When you hear “ice cream consumption coincides with a higher instance of shark attacks”, if you’re not skeptical, you’re maybe not listening. But the data proves this statement is correct. There are more instances of shark attacks when there is more ice cream consumed nationally. No doubt about it, these two variables increase in tandem.

Although this is technically true, it’s pretty we’re missing something. Sharks have very little to do with ice cream (at least what we know of them). What we’re dealing with is a confounding variable. When variables are associated with a response but are also related to eachother, that’s when we need to be aware of confounding. What is the confounder here?- summertime. Of course shark attacks increase in the summertime, more people are vacationing and swimming in the oceans which just so happen to be where sharks call home. And what goes better with sharks (I mean, summertime)? Ice cream!
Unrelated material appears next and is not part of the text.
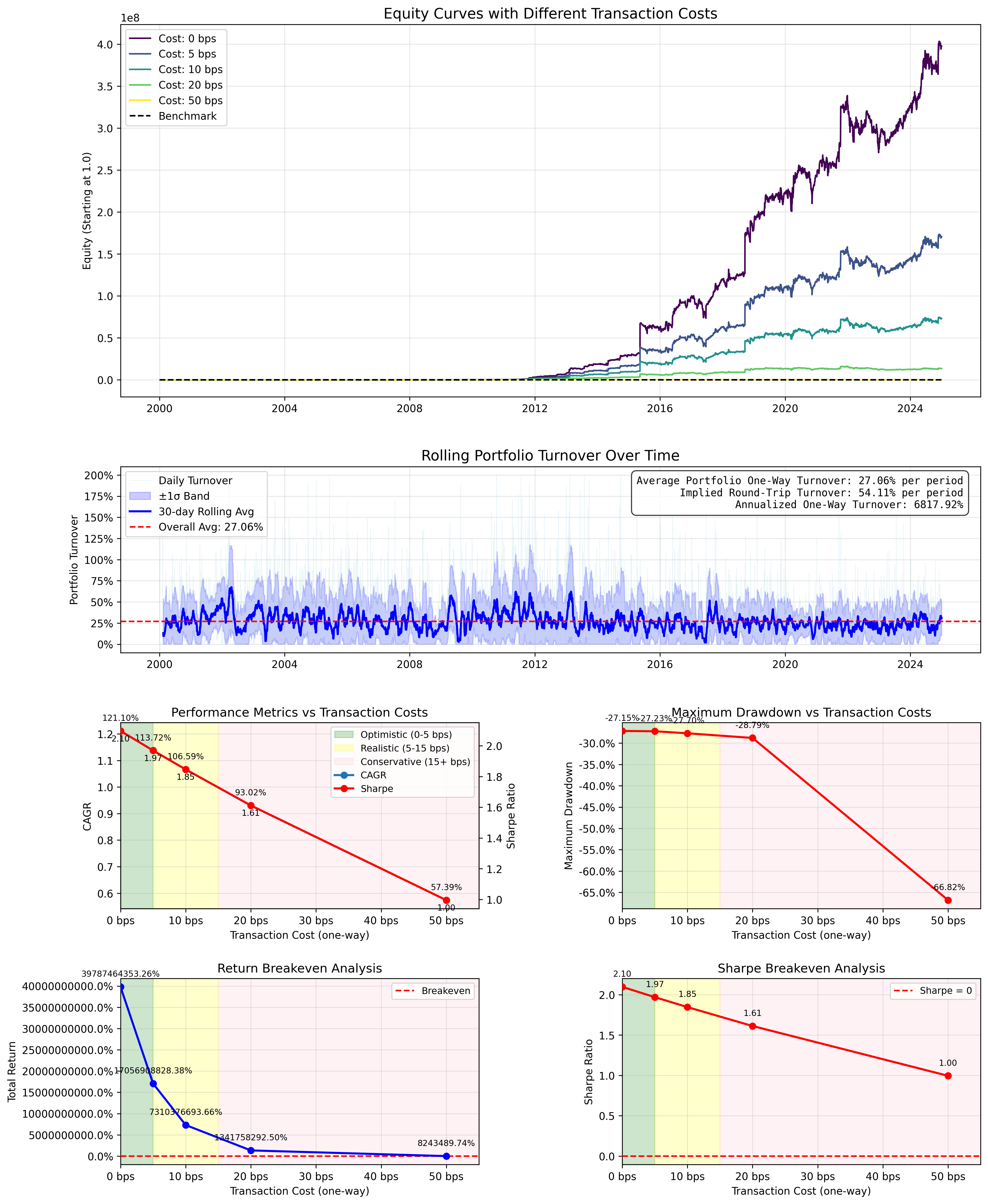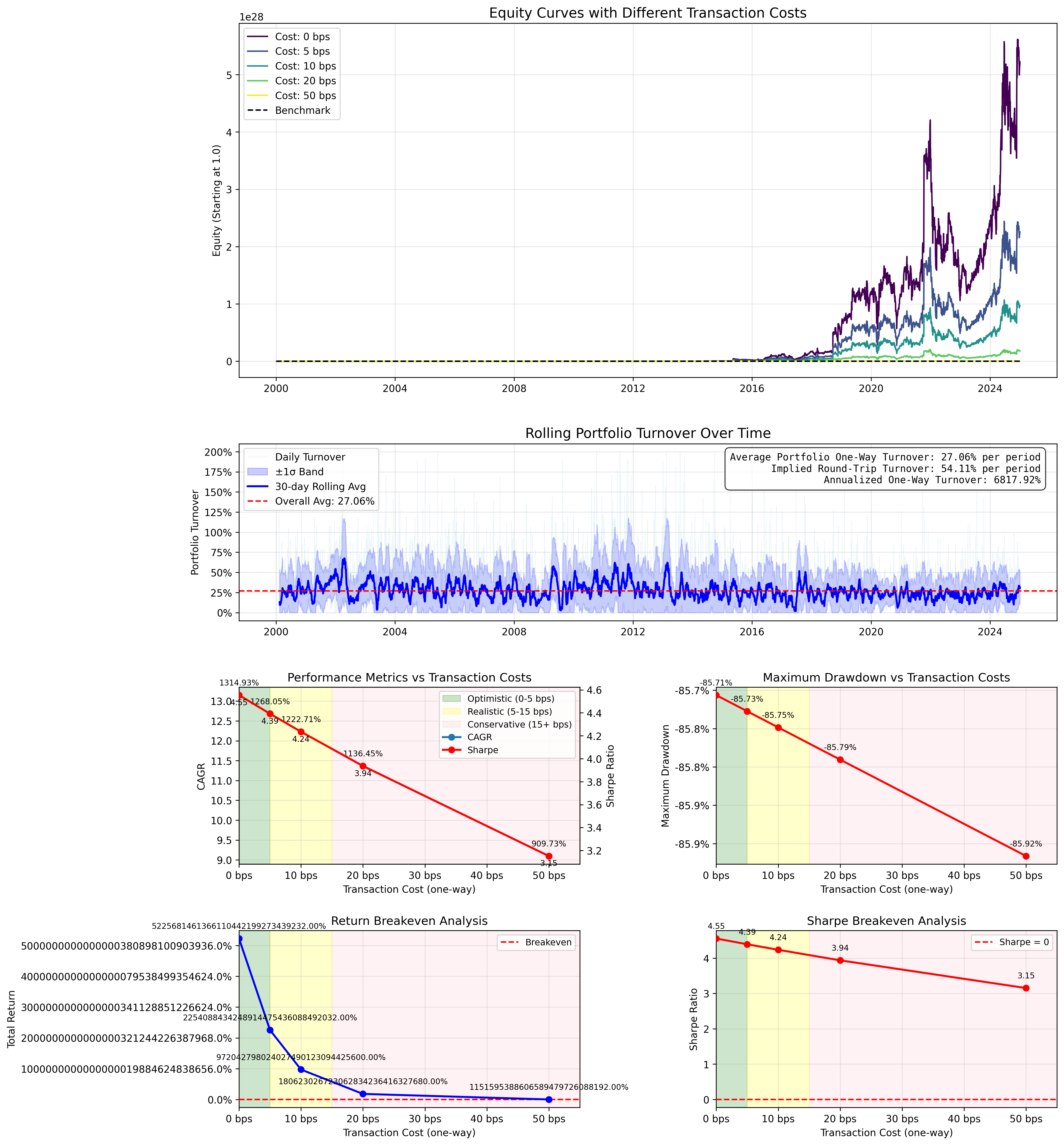 And while it’s not the theoretical numbers that I spitballed, we are still getting 106% CAGR at 10 bps transaction fees (a reasonable assumption) with -27% maximum drawdown which is well below the benchmark.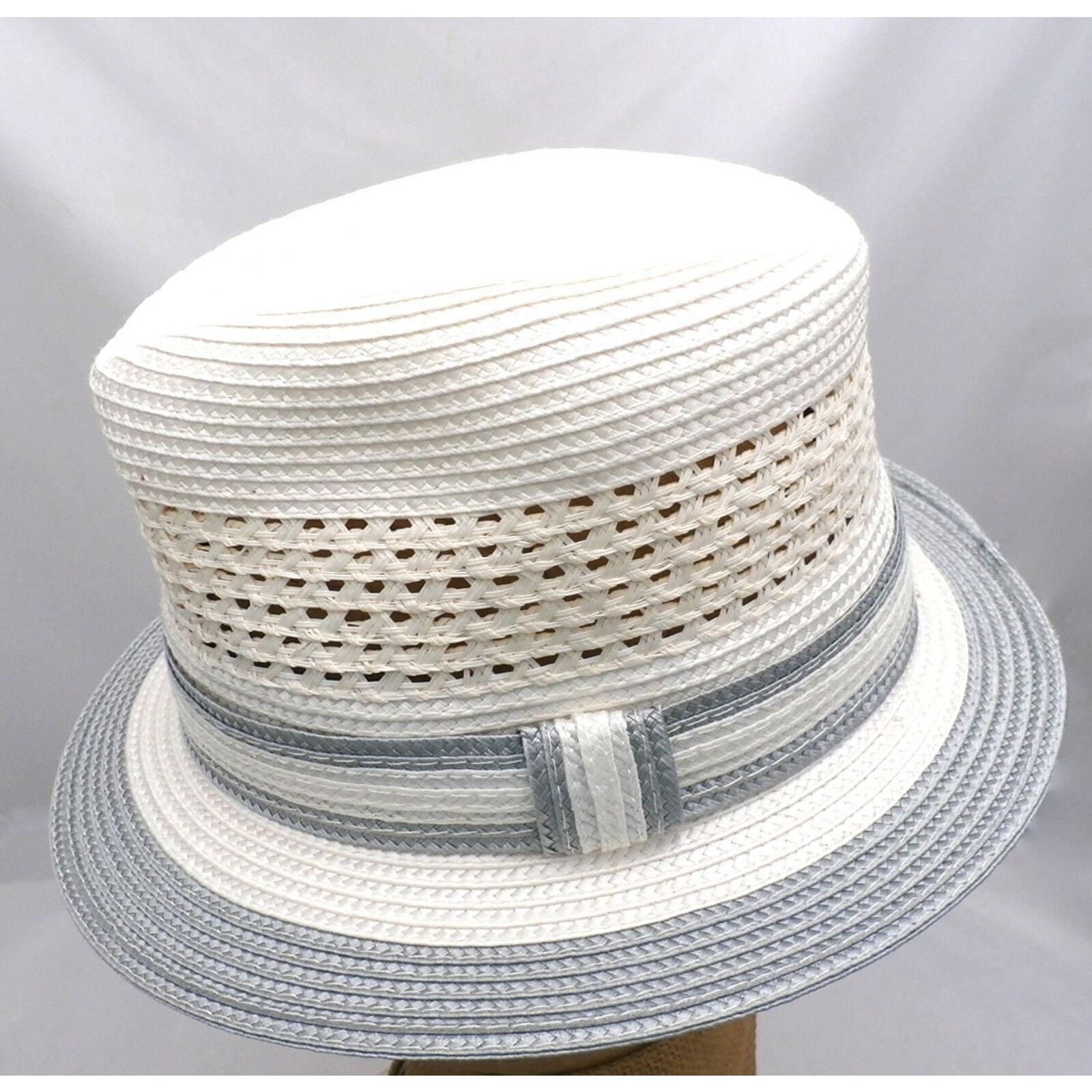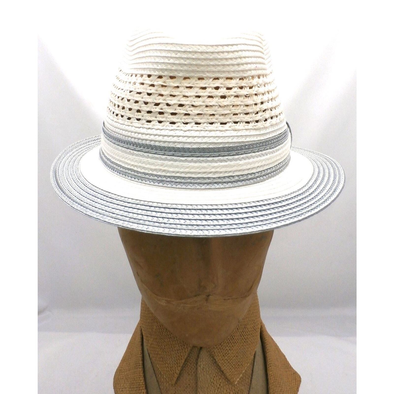 Retro VTG Men's Montique Internationale Trilby Fedora Straw Hat Cream/Grey S NOS

This example is an easy one. No one in their right mind would think that shark attacks increase because of ice cream consumption. The argument that blood thirsty sharks are actually just interested in scoop of butter pecan is shifty at best. So how do you identify a confounder that’s not as blatantly obvious?

That’s when we deal with something called a lurking variable. A lurking variable isn’t something that you measured in your analysis, meaning it can sneak up and ruin everything if you don’t identify it. Let’s take our same example of sharks being attracted to ice cream. What if we found out that the lurking variable is a type of fish that hates hot weather and migrates north in the summertime. This fish happens to feed the shark population along some of the busiest beaches along the coast. These observed sharks are hungry because their usual prey has migrated for the season, leaving only humans whose bellies are full of ice cream to chow down on. A wild example, but still, an example of a lurking variable nonetheless.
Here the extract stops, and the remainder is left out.